Purpose : Inosine monophosphate dehydrogenase (IMPDH) is a key regulatory enzyme in the de novo synthesis of the purine base guanine. Genetic variants in IMPDH1 are responsible for RP10 autosomal dominant retinitis pigmentosa (adRP) or Leber congenital amaurosis 10. IMPDH1 is ubiquitous in cellular location but variants are associated with Retinitis Pigmentosa (RP). This study reports the ophthalmic natural history a family with a novel IMPDH1variant. The phenotype and natural history are compared to the reported literature.

Methods : Multimodal imaging and functional studies documented the patient’s phenotype. These included: Best-corrected visual acuity (BCVA), fundus photograph, fundus autofluorescence (FAF), full field electroretinogram (ffERG), pattern ERG (pERG), optical coherence tomography (OCT) and visual field (VF) data. A literature search was performed. IMPDH1genetic variants were mapped and ophthalmic phenotypes were compared.

Results : We report 3 cases from a 2 generational family with a novel heterozygous pathogenic variant p.Lys314Gln (exon 10). The ophthalmic phenotype showed best eye BCVA of 0.4, 0.56, and 0.9 logMAR in last follow up of the 3 patients at ages 13.2, 14.2, and 41.6 years (yrs) respectively
Diffuse outer retinal atrophy with mild pigmentary changes was found in all patients. FAF showed early macular involvement with diffuse macular hyperautofluorescence surrounded by hypoAF. Foveal ellipsoid zone island was intact in the youngest patient (8.3 yrs) but was discontinuous in the older sibling (10.6 yrs) and the mother (37 yrs). Constricted visual fields to <20deg (legal Blindness) were identified in all three with the youngest reaching this level by 12.2 yrs. The ffERG showed an almost extinguished dark adapted (DA) and light adapted response with DA responses affected earlier and the pERG showed significant macular dysfunction at diagnosis in each case.
Literature review identified a further 57 heterozygous variants. Exon 10 is a hotspot with 18 variants, including our family. A consistent feature was the mild pigmentary retinopathy and early macular involvement.

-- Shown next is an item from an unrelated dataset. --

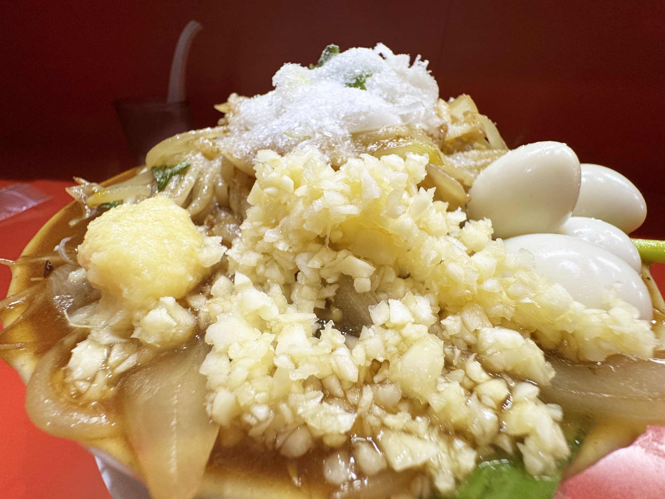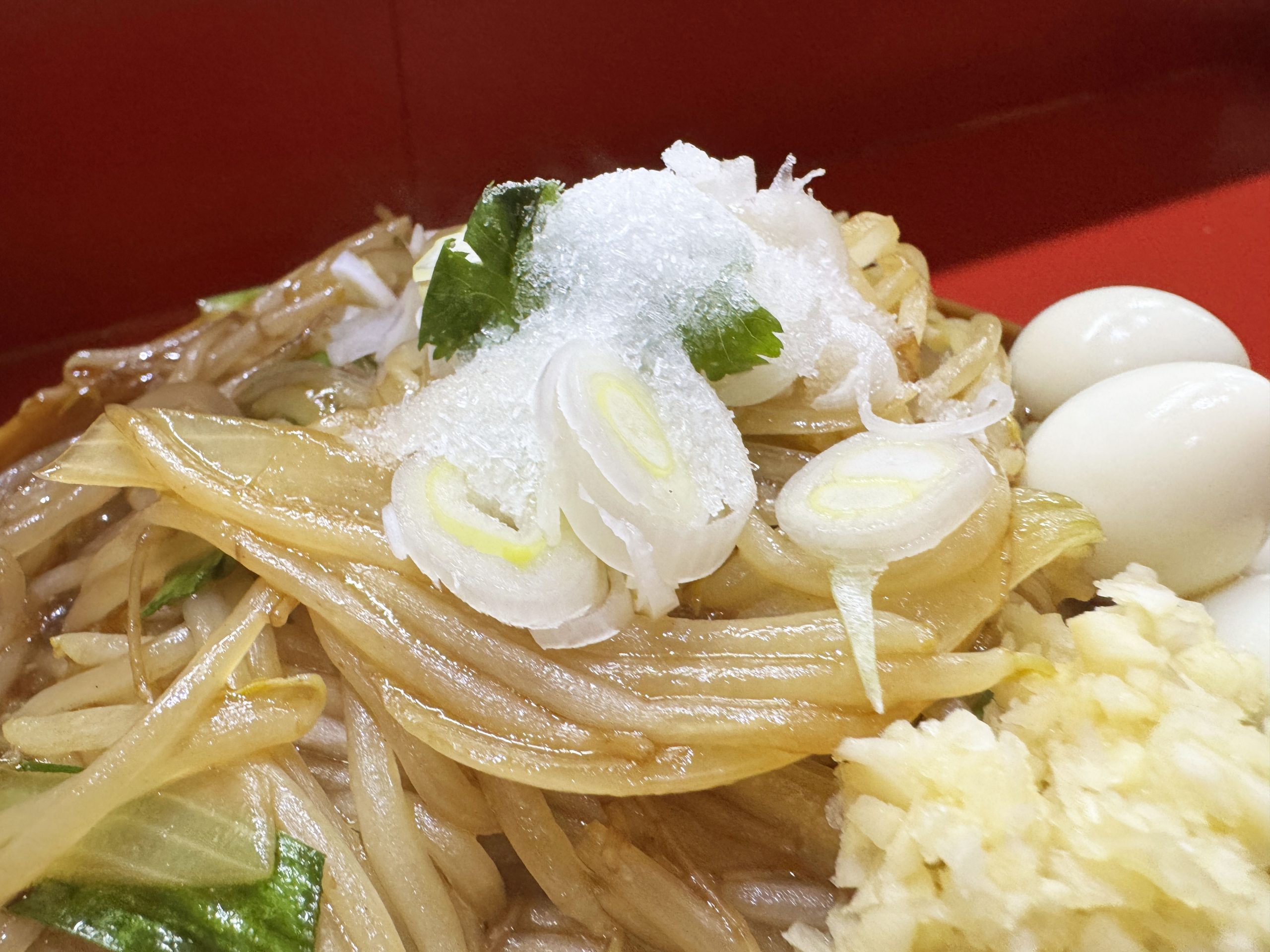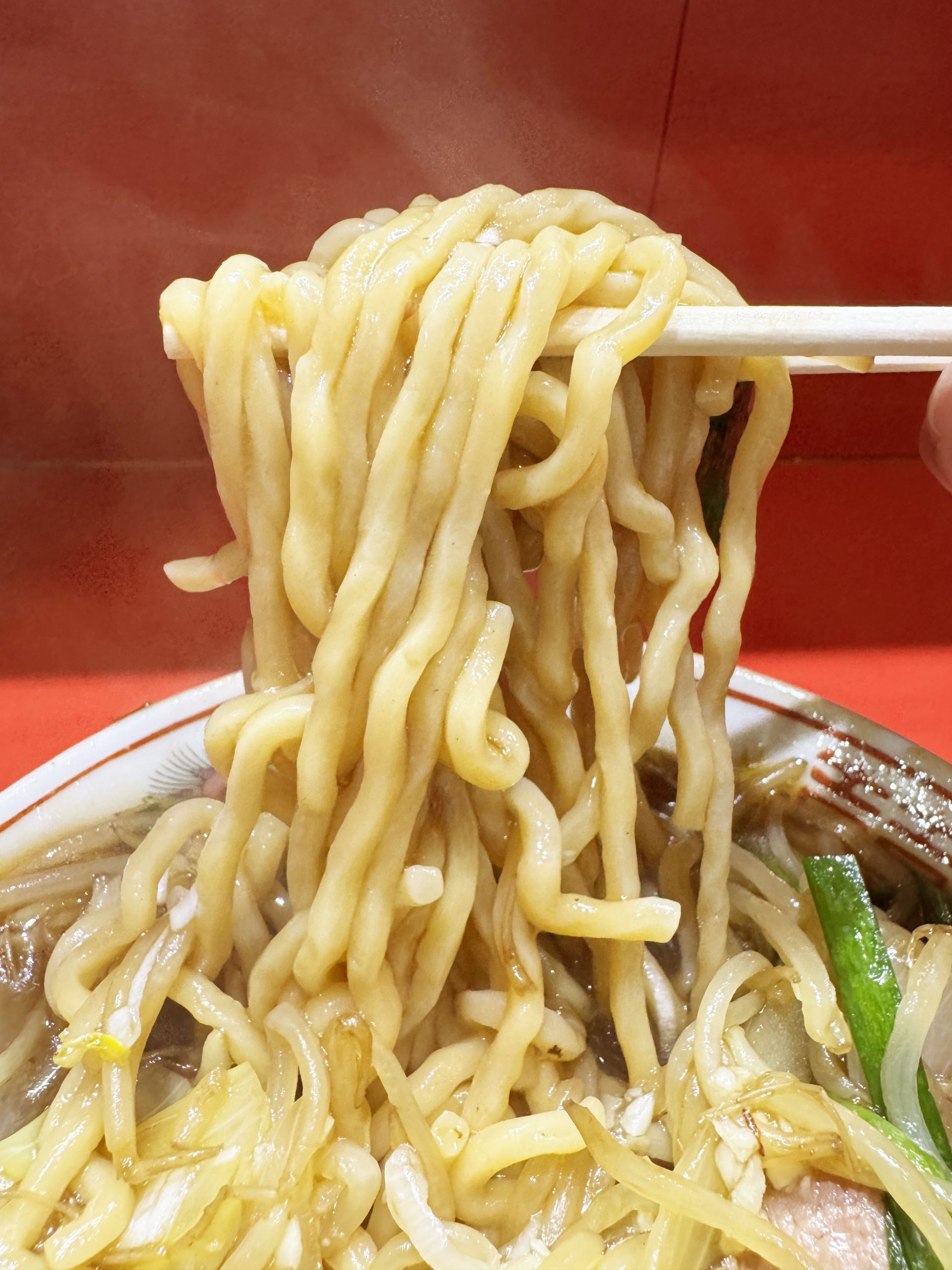 しっかりと炒められて味がしみ込みまくったヤサイは極上。しかも謎の粉の効果により、旨味が爆上がり。さすがうま味調味料である。そして麺が素晴らしく最良のコンディション。極太麺で縮れ系であるにもかかわらず、けっして硬すぎず、心地よい弾力を延々と楽しませてくれる。

Conclusions : We report a novel IMPDH1 genetic variant in a two-generation family. Early central visual loss is a prominent feature consistent with the early macular involvement reflecting the different pathophysiology compared to other RP groups as both the rod and cone degeneration occur in a comparable time course.

This abstract was presented at the 2023 ARVO Annual Meeting, held in New Orleans, LA, April 23-27, 2023.